Roger Angell on the unassisted triple play
Randy Velarde’s unassisted triple play, May 29, 2000 (Oakland at New York)
from A Pitcher's Story by Roger Angell (2001)
The Monday holiday celebration, against the brash, attractive Oakland Athletics, suffered by comparison and starter Andy Pettitte may have reflected that his 4-1 win might have been the only two-hitter in Yankee history that felt like an anticlimax. History, in any case, arrived in the sixth inning, but so quietly that its observers or acolytes -- the Yanks and A’s in the field and we in the stands -- could manage no more than a murmured “Wha’?” … “Huh?” when a low batted ball to Oakland second baseman Randy Velarde became three outs before our eyes. Velarde, completing the four or five steps required, flipped the ball to an umpire as he trotted toward his dugout, while realization and a great gabble of conversation and explanation rose from every side. The situation had been routine -- no outs, Tino Martinez on second base (he’d been hit by a pitch) and Posada on first after an infield error. When the pitcher, Omar Olivares, allowed the count on the next batter, Shane Spencer, to reach three-and-two, both runners took off with the next pietch, as expected. The ball, an undemanding chance, was gloved by Velarde at shoulder height, and he tagged Posada, in front of him on the base path, and unhurriedly continued to second, in plenty of time to step on the bag and double-off -- no, triple-off -- the returning Tino. Velarde, who is a former Yankee shortstop, had turned the same trick in spring training against the Dodgers five years ago. Practice makes perfect.
The play required so little skill and hustle that one’s first impulse was to think it was ordinary -- something that the game must crank out every week or so in its endless rounds of circumstance. But this was only the eleventh unassisted triple play in baseball history, and the first in any New York ballpark. I had not imagined such a thing and could claim memory of only two prior and assisted, unfabulous triple plays in all my years at the game. The next morning, I remembered to look in the box score, and there it was: “TP-Oakland 1 (Velarde).” An accompanying item listed the ten previous players who’d pulled off the chance -- baseball is the only sport that keeps this word in its lexicon -- going back to 1909, and including Bill Wabsganss, who did it in the World Series of 1920. Most of them were shortstops or second basemen, of course, but Johnny Neun, a first baseman with the Tigers, on May 31, 1927, grabbed a line drive struck by an Indians batter, tagged the next man on the base path, and, glimpsing history, ran all the way over to second to beat the other base runner to the bag. There had been an unassisted triple play pulled off by the Chicago Cubs in Pittsburg on the afternoon before Neun’s; the next one arrived forty-one years later.

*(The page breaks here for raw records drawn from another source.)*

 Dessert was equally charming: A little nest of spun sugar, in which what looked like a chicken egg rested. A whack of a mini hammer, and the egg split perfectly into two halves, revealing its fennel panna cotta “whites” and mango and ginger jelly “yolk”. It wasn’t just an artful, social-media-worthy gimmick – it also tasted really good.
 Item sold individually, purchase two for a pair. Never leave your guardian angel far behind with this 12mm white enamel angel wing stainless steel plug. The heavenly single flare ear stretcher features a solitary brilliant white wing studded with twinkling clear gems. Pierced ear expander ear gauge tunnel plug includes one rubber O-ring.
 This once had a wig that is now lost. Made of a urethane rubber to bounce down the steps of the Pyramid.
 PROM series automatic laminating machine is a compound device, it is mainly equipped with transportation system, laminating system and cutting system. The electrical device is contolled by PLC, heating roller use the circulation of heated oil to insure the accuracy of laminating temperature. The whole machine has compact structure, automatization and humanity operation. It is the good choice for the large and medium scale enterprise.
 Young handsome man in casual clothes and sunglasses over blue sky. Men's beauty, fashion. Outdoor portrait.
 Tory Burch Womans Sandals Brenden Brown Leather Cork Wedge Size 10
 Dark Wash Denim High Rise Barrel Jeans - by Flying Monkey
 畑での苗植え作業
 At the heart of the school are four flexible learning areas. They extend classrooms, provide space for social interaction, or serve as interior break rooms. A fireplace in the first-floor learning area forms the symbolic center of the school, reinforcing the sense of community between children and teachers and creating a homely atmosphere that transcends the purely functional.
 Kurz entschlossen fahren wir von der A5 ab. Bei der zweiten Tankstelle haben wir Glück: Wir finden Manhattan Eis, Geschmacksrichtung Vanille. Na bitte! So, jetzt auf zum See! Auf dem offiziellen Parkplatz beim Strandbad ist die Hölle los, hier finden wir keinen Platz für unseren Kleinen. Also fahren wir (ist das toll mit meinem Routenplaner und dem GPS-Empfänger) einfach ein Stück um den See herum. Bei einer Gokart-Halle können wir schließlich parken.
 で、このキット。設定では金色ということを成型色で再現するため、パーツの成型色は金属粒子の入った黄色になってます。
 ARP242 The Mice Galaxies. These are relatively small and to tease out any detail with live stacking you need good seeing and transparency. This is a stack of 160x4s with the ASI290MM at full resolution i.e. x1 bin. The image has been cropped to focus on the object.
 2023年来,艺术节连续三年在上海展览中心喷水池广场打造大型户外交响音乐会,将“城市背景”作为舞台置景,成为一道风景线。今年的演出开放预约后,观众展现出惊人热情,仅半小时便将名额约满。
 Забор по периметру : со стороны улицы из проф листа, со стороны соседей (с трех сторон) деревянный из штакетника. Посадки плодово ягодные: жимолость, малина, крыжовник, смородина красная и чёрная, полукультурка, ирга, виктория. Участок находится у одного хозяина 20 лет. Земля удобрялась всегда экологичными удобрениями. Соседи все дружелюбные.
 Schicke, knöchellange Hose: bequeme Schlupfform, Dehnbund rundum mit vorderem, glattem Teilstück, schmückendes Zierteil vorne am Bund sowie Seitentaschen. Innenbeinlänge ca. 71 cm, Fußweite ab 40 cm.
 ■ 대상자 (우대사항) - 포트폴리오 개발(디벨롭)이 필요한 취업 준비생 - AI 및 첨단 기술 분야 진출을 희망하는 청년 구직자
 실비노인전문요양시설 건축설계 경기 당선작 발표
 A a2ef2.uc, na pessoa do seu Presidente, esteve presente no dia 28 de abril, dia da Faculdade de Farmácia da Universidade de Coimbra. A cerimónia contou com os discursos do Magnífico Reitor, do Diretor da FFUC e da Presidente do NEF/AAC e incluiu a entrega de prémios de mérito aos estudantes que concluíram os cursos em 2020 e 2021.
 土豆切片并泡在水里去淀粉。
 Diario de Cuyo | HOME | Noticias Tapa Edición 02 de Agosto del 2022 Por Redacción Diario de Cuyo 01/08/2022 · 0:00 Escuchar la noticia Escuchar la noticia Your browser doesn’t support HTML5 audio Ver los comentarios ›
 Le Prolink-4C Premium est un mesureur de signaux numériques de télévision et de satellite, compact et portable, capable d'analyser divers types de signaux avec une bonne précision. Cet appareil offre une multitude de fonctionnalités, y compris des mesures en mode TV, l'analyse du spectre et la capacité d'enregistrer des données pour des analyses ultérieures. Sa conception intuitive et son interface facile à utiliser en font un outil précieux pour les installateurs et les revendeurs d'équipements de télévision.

I couldn’t get over what we’d seen -- and that the players appeared to have barely noticed it. “Yeah, strange” … “nope, never saw one” was the most that came out in the clubhouses. Shane Spencer, who had started it all, said, “It happens.” The play, I began to realize, had next to nothing to do with the participants: it was a statistical widgit, an idea more than a play. Len Berman, the sports anchor at New York’s Channnel 4, was scornful when he ran the clip the next evening, and called the moment less exciting than a hit batsman. I am still in the grip of it, though, and find myself foolishly murmuring, “I can’t believe it” when it comes back to mind. The unassisted triple play may confirm something that lies deep within the sensuousness and near-seriousness of baseball: the notion, so boring to non-fans, that in fact anything can happen out there if you wait long enough, and when it does you will be struck by a bolt of luck that never showed itself, here in New York, to Casey Stengel or Ring Lardner or Red Barber or Babe Ruth.